◆ The problem:
Look in the data below for the line that has "Dow Rohmon Haas", then print exactly every line from there through the line that has "Mappa dei livelli", leaving pictures out.

◆ Supplied data:
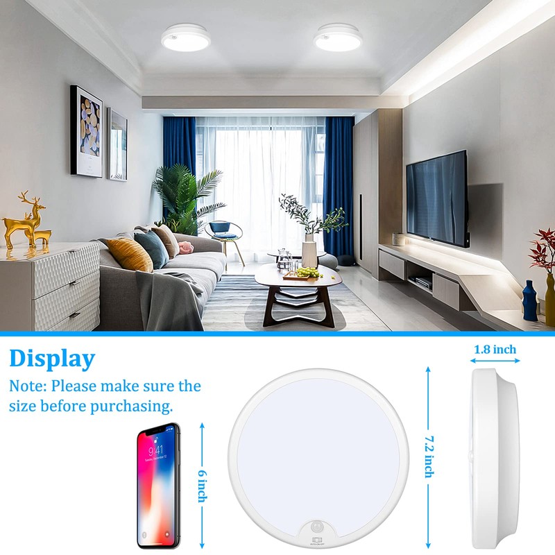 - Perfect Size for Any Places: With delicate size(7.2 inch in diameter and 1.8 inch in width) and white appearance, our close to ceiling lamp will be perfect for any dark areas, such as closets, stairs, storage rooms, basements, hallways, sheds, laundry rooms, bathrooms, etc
* * *
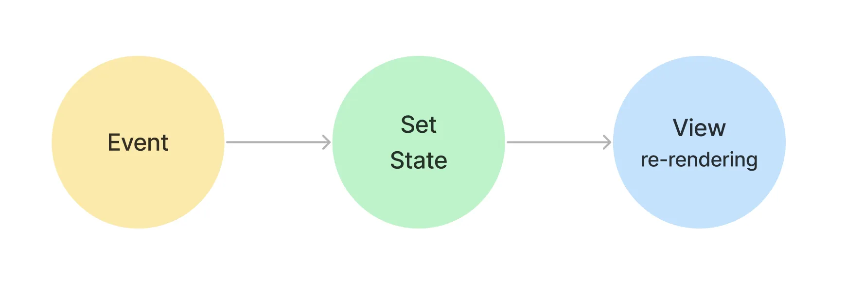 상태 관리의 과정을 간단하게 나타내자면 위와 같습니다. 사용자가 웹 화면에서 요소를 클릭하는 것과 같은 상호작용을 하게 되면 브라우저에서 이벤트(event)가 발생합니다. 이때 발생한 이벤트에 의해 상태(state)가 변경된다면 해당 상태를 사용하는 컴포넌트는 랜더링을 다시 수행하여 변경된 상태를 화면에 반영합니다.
--
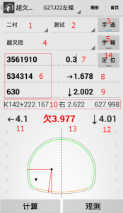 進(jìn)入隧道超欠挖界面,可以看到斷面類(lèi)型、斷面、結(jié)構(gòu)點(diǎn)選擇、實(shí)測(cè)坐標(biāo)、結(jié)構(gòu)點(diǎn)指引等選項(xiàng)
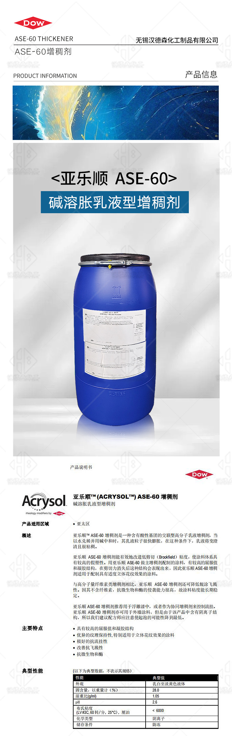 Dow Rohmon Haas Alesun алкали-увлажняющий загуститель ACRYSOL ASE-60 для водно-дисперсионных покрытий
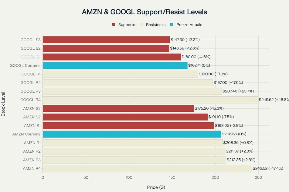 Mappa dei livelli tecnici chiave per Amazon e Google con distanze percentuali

◆ Solution:
 Dow Rohmon Haas Alesun алкали-увлажняющий загуститель ACRYSOL ASE-60 для водно-дисперсионных покрытий
 Mappa dei livelli tecnici chiave per Amazon e Google con distanze percentuali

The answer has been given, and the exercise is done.